Stored data entries
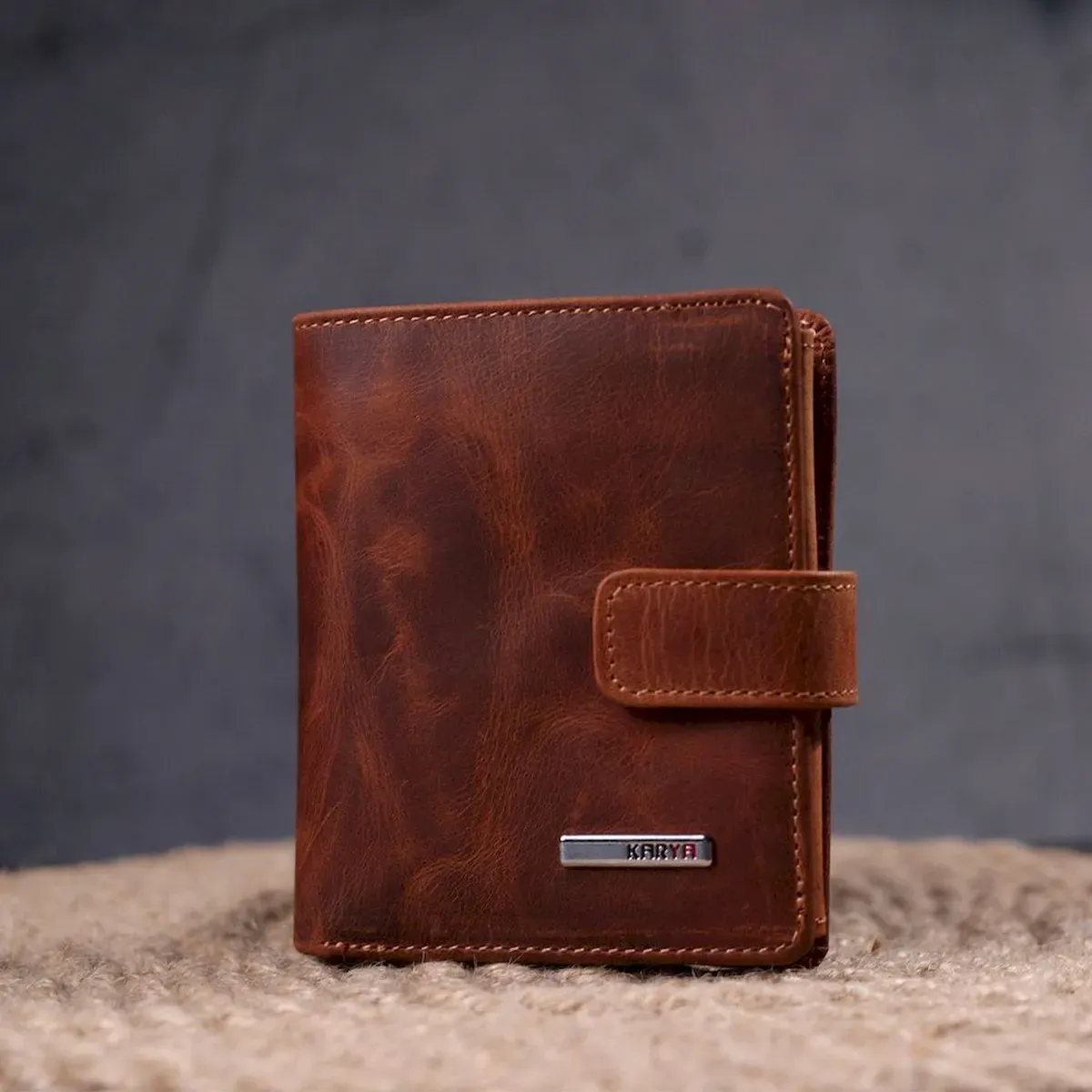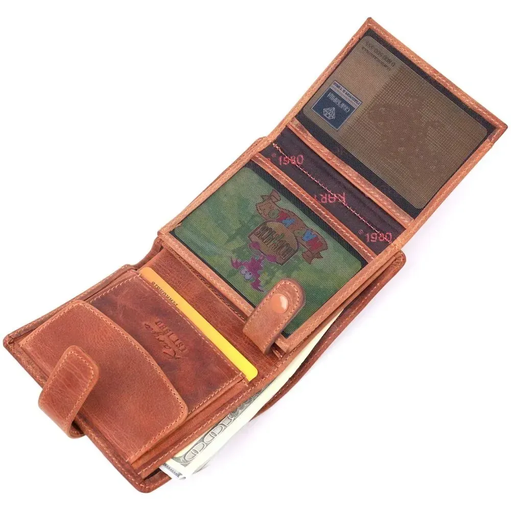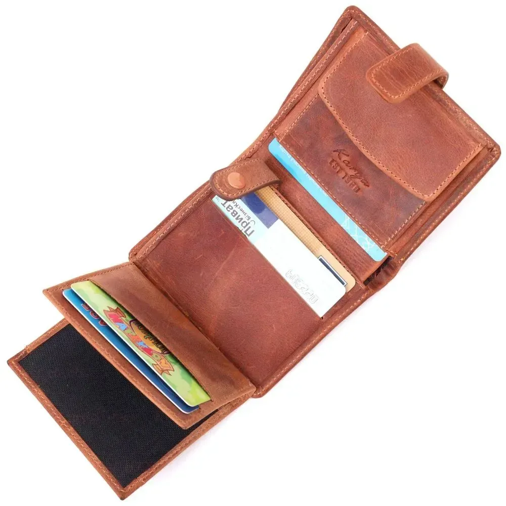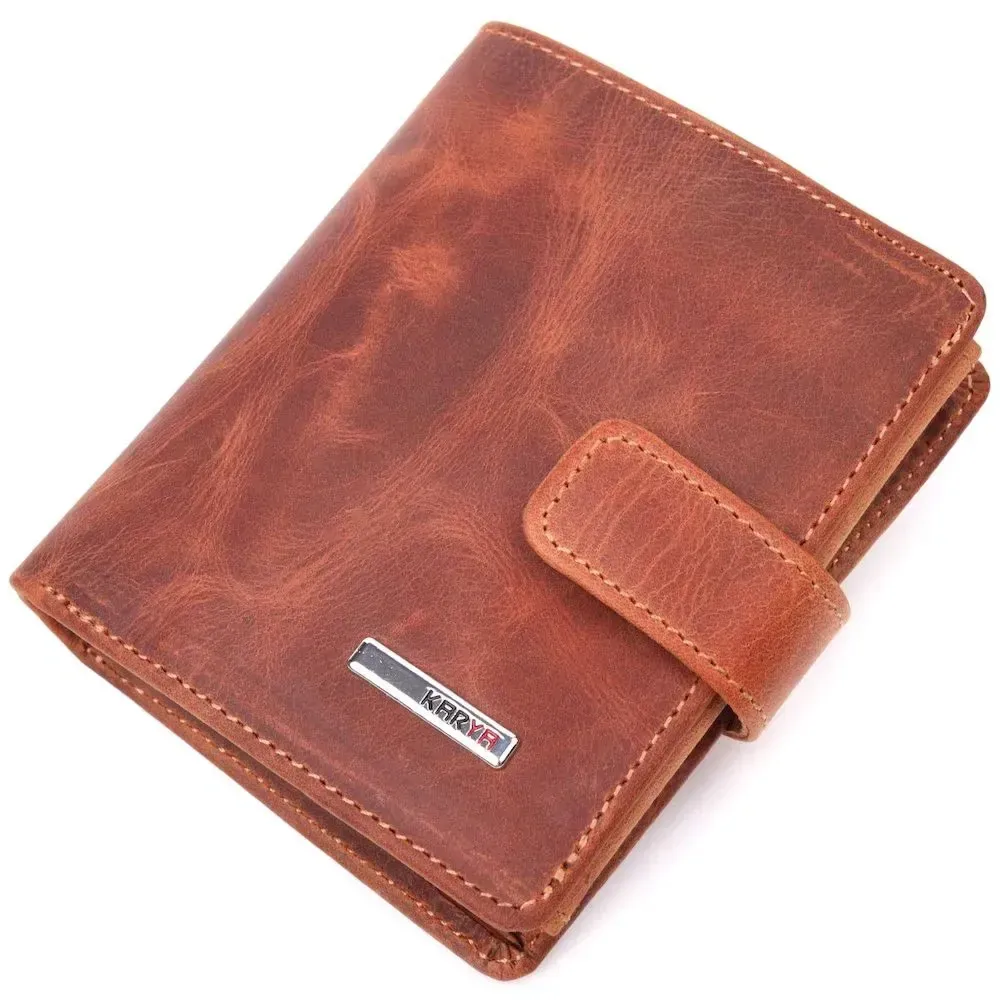 Функциональный мужской кошелек в винтажной коже KARYA 21369 Рыжий
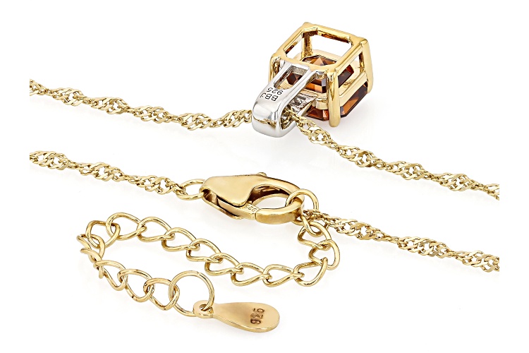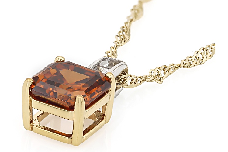 3.25ct Rectangular Octagonal Asscher Cut Lab Created Cognac Strontium Titanate With 0.13ctw Square White Topaz Rhodium & 18k Yellow Gold Over Sterling Silver Two-Tone Pendant With Chain. Measures Approximately 0.59"L x 0.31"W. 3mm bail. Lobster clasp with 2"extender.
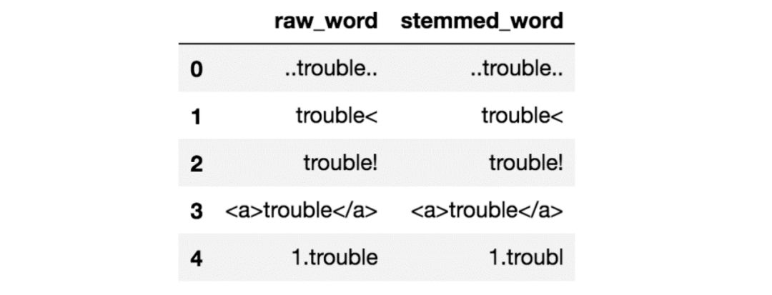 请注意,上面的所有原始单词都有一些周围的噪音。如果你对这些词进行词干提取,你会发现结果看起来不太漂亮。他们都没有正确的词干。但是,通过这个笔记本中写的一些噪音清除,结果现在看起来好多了:
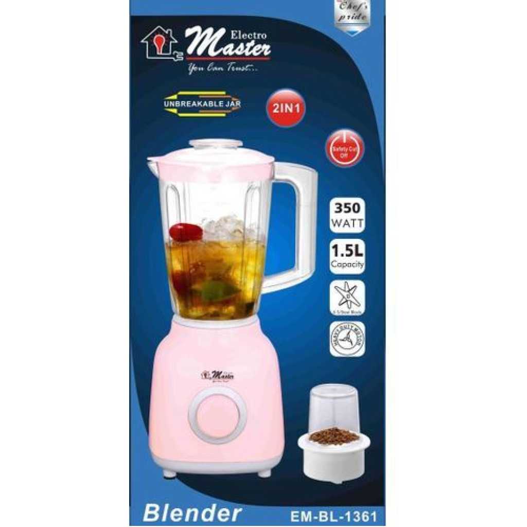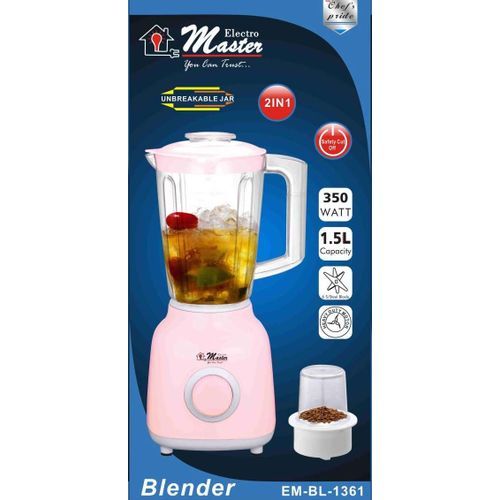 Electro Master 1.5L EM-BL1361 2-in-1 Blender – Pink. Electro master s Blender BL-1361 Whether you’re looking to make a nice smoothie to start your day, or a fresh salad for lunch, this Blender is the one for you. This product acts as a regular blender with a plastic jar, but also comes equipped with 2 other attachments for a glass jar and mill allowing you to carry out many different tasks with this one simple appliance. The pulse function gives you complete control as to how long you wish to run the blender on high-speed and also assists in the auto-clean function when used with a little warm water. We emphasize that the auto-clean feature is only useful for a quick clean-up but regular cleaning will still be required on occasion for a more effective job. Features 350 Watt Pure Copper Motor 1.5 liters jar capacity Unbreakable jar 2 attachments – plastic jar 2-speed control with pulse function Metal-lined grinding mill Stainless steel blades Auto clean system Key Features: Electro Master 1.5L EM-BL1361 2-in-1 Blender – Pink. 350 Watt Pure Copper Motor. 1.5 liters jar capacity. Unbreakable jar. 2 attachments – plastic jar. 2-speed control with pulse function. Metal-lined grinding mill. Stainless steel blades. Auto clean system.
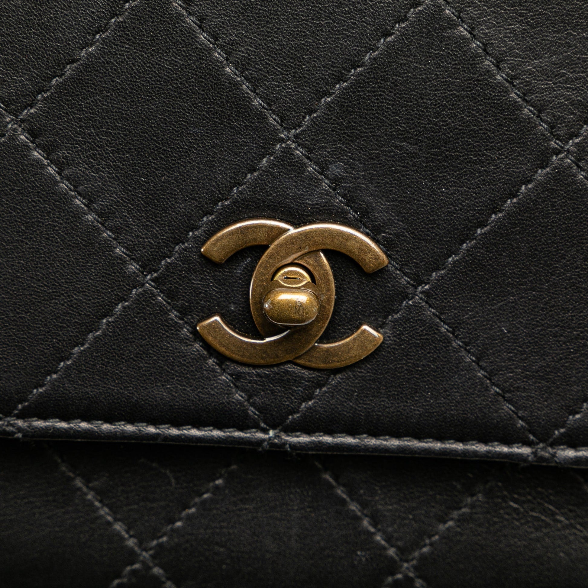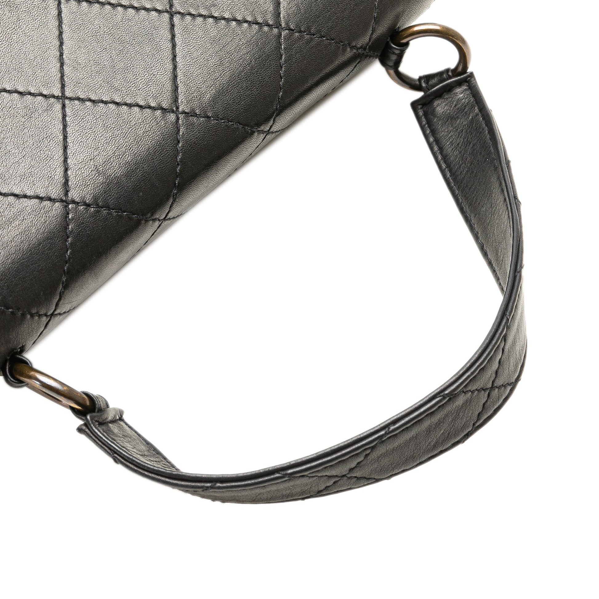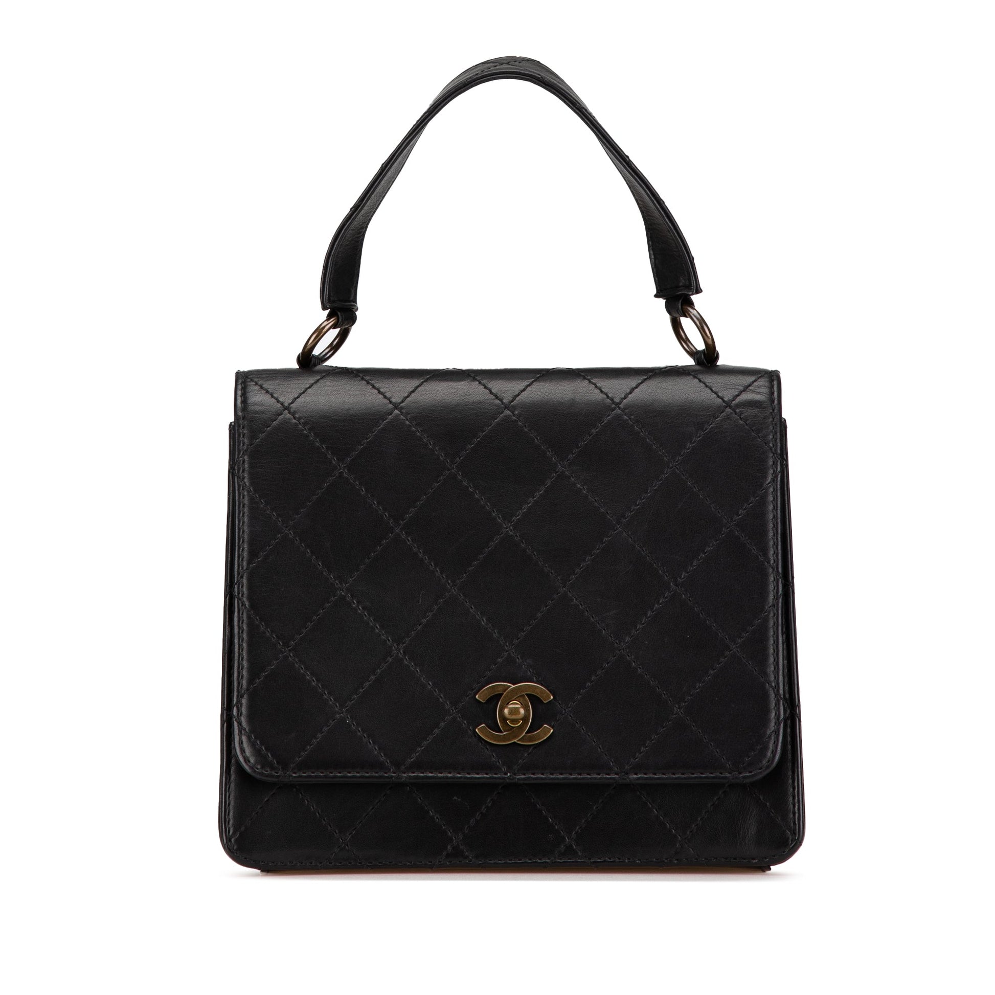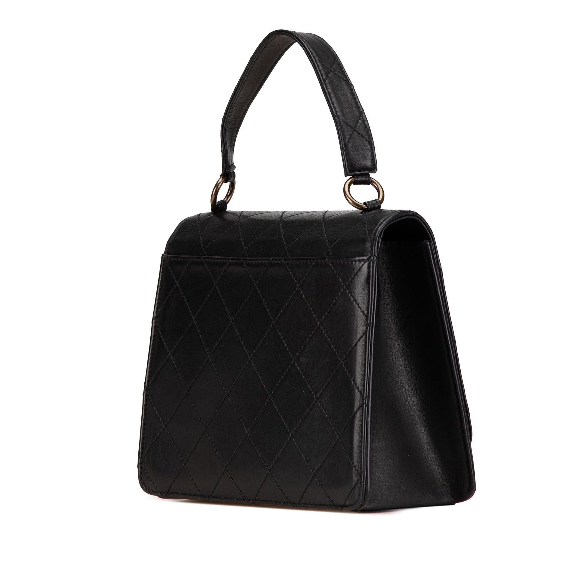 Black Chanel Quilted Lambskin Top Handle Square Flap Handbag
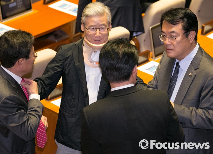 (서울=포커스뉴스) 13일 오후 서울 여의도 국회에서 상임위원장 선출을 위해 열린 343회 국회(임시회) 2차 본회의에 참석한 정진석 새누리당 원내대표가 의원들과 대화하고 있다.
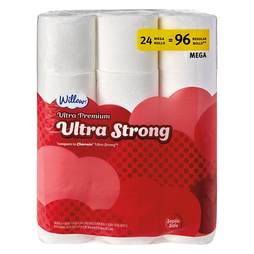 Willow Ultra Premium Ultra Strong Bath Tissue ensures you get the job done right. With 24 mega rolls equal to 96 regular rolls, this two-ply tissue is septic safe and ultra strong. Ideal for busy households and large families, this tissue provides the strength you need with every use. Make the smart choice for your bathroom essentials with Willow Ultra Premium Ultra Strong Bath Tissue.
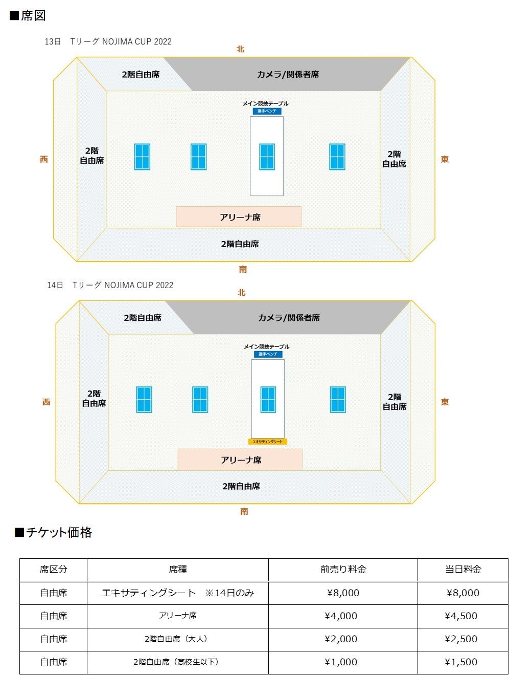 ※エキサイトシートは14日のみの販売となり、決勝戦の2試合(メインコート)の席になります。その他の試合は、2階自由席での観覧も可能となります。
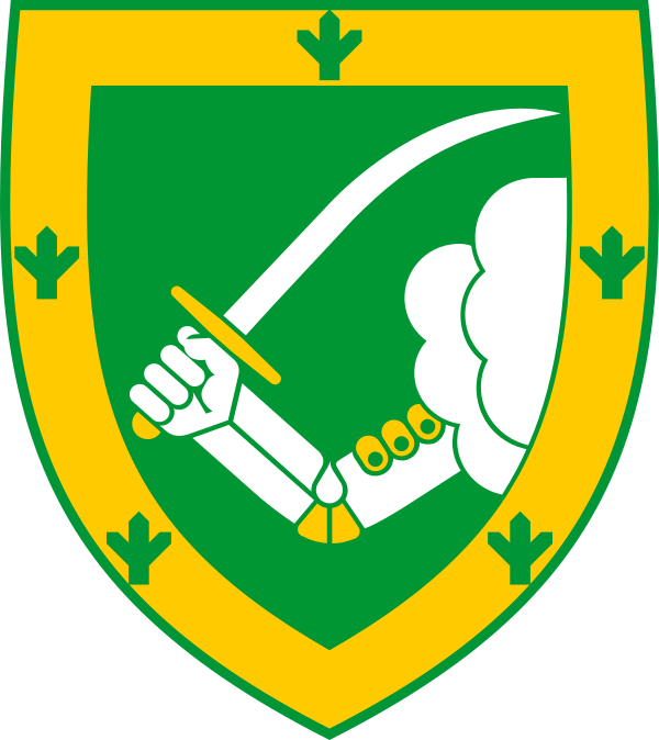 Герб: на зелёном щите из серебряного облака выступает серебряная рука в брони с золотыми деталями, которая держит серебряную саблю с золотой ручкой. На золотой кайме 5 зелёных хвойных растений.

* **Directions for this task**: From the line containing "3.25ct Rectangular Octagonal" through the line containing "Electro Master 1.5L EM-BL1361 2-in-1 Blender – Pink. Electro", copy every line above exactly, without pictures.

* **Expected answer**:
 3.25ct Rectangular Octagonal Asscher Cut Lab Created Cognac Strontium Titanate With 0.13ctw Square White Topaz Rhodium & 18k Yellow Gold Over Sterling Silver Two-Tone Pendant With Chain. Measures Approximately 0.59"L x 0.31"W. 3mm bail. Lobster clasp with 2"extender.
 请注意,上面的所有原始单词都有一些周围的噪音。如果你对这些词进行词干提取,你会发现结果看起来不太漂亮。他们都没有正确的词干。但是,通过这个笔记本中写的一些噪音清除,结果现在看起来好多了:
 Electro Master 1.5L EM-BL1361 2-in-1 Blender – Pink. Electro master s Blender BL-1361 Whether you’re looking to make a nice smoothie to start your day, or a fresh salad for lunch, this Blender is the one for you. This product acts as a regular blender with a plastic jar, but also comes equipped with 2 other attachments for a glass jar and mill allowing you to carry out many different tasks with this one simple appliance. The pulse function gives you complete control as to how long you wish to run the blender on high-speed and also assists in the auto-clean function when used with a little warm water. We emphasize that the auto-clean feature is only useful for a quick clean-up but regular cleaning will still be required on occasion for a more effective job. Features 350 Watt Pure Copper Motor 1.5 liters jar capacity Unbreakable jar 2 attachments – plastic jar 2-speed control with pulse function Metal-lined grinding mill Stainless steel blades Auto clean system Key Features: Electro Master 1.5L EM-BL1361 2-in-1 Blender – Pink. 350 Watt Pure Copper Motor. 1.5 liters jar capacity. Unbreakable jar. 2 attachments – plastic jar. 2-speed control with pulse function. Metal-lined grinding mill. Stainless steel blades. Auto clean system.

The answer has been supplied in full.